Interferometry is a well known method for the clinical assessment of the integrity of the tear film and the thickness of the lipid layer by observing interference patterns generated by light reflected from the surface of the lipid layer and from the interface between that layer and the aqueous layer of the tear film [17-20]. The commercially available DR-1 interferometer and the classification system of interference patterns used in our study was developed by Yokoi et al. . In this apparatus, the specular reflection from the tear surface is captured using a video camera, fed into a TV monitor, and recorded using a digital video recorder.
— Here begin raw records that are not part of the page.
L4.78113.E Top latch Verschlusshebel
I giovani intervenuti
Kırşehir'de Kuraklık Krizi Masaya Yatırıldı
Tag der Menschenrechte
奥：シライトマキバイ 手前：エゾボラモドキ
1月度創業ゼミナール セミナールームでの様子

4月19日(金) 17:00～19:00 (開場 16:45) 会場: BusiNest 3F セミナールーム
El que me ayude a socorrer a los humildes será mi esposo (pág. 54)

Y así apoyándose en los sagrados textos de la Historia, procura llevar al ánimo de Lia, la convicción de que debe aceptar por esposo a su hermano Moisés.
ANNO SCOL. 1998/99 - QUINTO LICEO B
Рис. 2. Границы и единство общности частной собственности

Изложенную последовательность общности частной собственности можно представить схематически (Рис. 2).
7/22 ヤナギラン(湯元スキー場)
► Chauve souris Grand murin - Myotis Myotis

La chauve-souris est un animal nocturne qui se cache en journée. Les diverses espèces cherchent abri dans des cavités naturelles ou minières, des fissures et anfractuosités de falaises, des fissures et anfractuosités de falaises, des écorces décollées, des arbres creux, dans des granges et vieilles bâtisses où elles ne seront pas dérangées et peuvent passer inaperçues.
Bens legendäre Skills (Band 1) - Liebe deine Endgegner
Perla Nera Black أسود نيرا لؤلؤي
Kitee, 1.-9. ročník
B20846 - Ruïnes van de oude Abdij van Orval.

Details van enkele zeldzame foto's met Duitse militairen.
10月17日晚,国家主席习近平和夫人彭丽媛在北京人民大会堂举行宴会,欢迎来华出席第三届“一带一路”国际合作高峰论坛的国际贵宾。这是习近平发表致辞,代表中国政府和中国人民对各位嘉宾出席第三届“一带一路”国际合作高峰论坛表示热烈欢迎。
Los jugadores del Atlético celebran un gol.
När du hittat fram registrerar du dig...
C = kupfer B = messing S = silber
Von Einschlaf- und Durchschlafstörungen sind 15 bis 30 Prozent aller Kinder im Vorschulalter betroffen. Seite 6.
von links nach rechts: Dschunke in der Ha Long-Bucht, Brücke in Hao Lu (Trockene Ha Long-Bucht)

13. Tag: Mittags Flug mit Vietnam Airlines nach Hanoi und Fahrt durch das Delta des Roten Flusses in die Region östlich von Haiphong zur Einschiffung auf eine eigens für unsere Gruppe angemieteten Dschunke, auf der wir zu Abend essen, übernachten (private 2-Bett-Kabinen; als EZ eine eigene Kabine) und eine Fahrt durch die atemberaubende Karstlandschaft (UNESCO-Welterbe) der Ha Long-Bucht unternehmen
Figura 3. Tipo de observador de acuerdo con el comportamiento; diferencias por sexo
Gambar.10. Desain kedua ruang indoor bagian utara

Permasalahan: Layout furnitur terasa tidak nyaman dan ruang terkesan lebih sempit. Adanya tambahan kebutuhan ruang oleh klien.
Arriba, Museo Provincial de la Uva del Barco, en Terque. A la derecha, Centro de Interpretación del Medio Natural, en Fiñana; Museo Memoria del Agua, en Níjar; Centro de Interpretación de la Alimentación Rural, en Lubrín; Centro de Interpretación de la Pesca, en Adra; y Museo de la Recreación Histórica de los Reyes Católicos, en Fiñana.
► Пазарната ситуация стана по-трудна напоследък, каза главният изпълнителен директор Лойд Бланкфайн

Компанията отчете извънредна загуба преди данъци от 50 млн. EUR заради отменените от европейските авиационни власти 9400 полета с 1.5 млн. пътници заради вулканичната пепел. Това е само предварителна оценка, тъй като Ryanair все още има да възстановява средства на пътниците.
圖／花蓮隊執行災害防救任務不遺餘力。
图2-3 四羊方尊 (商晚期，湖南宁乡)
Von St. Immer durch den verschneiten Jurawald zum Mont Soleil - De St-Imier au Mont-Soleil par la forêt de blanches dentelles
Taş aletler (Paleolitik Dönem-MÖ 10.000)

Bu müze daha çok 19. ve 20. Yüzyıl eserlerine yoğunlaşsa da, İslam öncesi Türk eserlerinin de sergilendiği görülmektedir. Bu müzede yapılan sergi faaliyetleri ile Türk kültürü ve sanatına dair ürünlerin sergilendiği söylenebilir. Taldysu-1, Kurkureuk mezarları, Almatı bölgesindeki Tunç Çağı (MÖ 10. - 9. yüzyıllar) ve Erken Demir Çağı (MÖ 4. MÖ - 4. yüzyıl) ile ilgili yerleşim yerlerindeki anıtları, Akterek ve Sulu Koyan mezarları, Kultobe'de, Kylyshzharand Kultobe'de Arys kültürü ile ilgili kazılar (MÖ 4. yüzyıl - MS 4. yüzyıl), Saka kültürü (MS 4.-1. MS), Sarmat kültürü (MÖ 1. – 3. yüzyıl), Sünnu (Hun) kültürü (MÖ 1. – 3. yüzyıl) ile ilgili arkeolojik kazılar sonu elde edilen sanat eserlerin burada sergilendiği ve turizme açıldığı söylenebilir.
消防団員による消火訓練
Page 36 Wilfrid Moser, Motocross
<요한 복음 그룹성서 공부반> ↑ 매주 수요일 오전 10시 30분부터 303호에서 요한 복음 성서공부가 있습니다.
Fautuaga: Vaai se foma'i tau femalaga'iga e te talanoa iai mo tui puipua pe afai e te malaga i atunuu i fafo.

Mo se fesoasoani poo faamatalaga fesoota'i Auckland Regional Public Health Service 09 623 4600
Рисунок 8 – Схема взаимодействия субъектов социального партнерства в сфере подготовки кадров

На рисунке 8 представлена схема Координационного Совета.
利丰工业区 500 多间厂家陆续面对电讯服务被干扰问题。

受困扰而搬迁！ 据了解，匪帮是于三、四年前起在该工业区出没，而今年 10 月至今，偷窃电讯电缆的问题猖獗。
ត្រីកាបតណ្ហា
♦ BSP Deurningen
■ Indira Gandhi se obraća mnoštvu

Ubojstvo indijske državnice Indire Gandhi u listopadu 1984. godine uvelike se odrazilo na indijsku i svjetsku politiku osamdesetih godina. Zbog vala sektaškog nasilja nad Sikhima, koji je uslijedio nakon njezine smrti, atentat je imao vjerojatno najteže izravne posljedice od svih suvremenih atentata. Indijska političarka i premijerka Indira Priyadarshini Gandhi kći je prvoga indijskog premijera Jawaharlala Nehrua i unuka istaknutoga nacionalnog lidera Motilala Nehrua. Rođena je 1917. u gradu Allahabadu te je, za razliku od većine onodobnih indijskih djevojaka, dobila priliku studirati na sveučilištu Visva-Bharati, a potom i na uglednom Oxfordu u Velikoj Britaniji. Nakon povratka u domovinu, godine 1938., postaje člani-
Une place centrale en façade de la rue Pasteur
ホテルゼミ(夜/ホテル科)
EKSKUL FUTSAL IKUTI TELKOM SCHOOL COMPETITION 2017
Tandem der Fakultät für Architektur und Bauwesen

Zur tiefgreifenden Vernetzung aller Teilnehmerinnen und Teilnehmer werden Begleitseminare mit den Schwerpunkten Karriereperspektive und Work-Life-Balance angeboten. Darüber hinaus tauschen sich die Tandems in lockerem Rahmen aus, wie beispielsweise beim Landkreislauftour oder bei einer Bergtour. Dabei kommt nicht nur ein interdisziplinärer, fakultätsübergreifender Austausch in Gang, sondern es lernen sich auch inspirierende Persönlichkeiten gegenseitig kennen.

Several studies have been performed to evaluate the tear film, especially that of dry eye, by non-invasive interferometry. Using DR-1, Yokoi et al.  concluded that tear lipid layer interference patterns were highly correlated with dry eye severity. They found that in the cases of more severe aqueous-deficient dry eyes, the grades of interference patterns were higher, indicating a thicker lipid layer. However, in our study, although the Schirmer test I values of SSCH patients were lower than the controls, the interference patterns were comparable to those of the controls. This unexpected result might be explained by the irregularity of the ocular surface induced by SCH. SCH elevate the conjunctiva and disturb the ocular surface, subsequently affecting the lipid distribution on the cornea, leading to comparable interference patterns.
We acknowledge the following limitations of this study. First, patients with conjunctivochalasis were not excluded from the study, which is a major risk factor for SCH and affects the stability of the tear film. Second, the correlation between the tear film characteristics and the extent of the SCH was not studied. Third, the change in the tear film characteristics was not monitored during the hemorrhage absorption process.
In conclusion, the Schirmer test I values of the SSCH patients were lower than those of the controls, whereas the tear interferometry patterns were comparable to those of the controls.
The authors thank the patients and controls for participation in this study. This work is supported in part by Tianjin Science Technology Committee (grant number: 08JCYBJC08600).